⟨

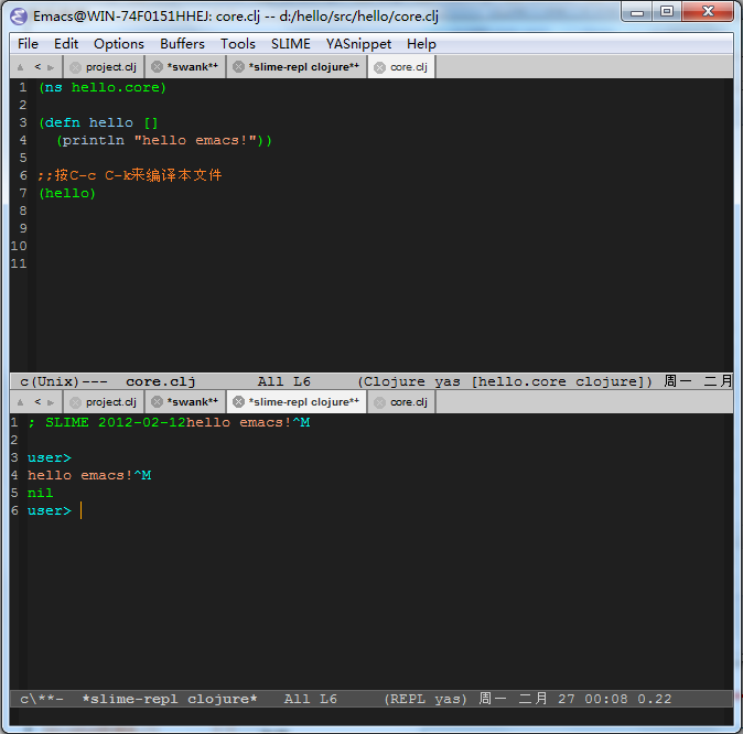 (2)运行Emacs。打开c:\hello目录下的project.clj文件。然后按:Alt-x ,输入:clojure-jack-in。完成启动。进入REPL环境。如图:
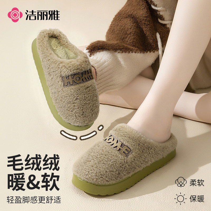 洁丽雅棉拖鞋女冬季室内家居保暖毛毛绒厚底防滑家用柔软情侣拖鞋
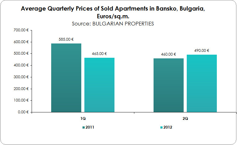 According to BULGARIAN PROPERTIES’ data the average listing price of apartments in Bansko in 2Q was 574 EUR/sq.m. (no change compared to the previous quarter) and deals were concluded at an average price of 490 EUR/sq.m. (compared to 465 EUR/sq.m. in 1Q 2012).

⟩

**What the task requires:** Once the pictures are set aside, please reproduce the remaining material word for word.

**Output below:**
 (2)运行Emacs。打开c:\hello目录下的project.clj文件。然后按:Alt-x ,输入:clojure-jack-in。完成启动。进入REPL环境。如图:
 洁丽雅棉拖鞋女冬季室内家居保暖毛毛绒厚底防滑家用柔软情侣拖鞋
 According to BULGARIAN PROPERTIES’ data the average listing price of apartments in Bansko in 2Q was 574 EUR/sq.m. (no change compared to the previous quarter) and deals were concluded at an average price of 490 EUR/sq.m. (compared to 465 EUR/sq.m. in 1Q 2012).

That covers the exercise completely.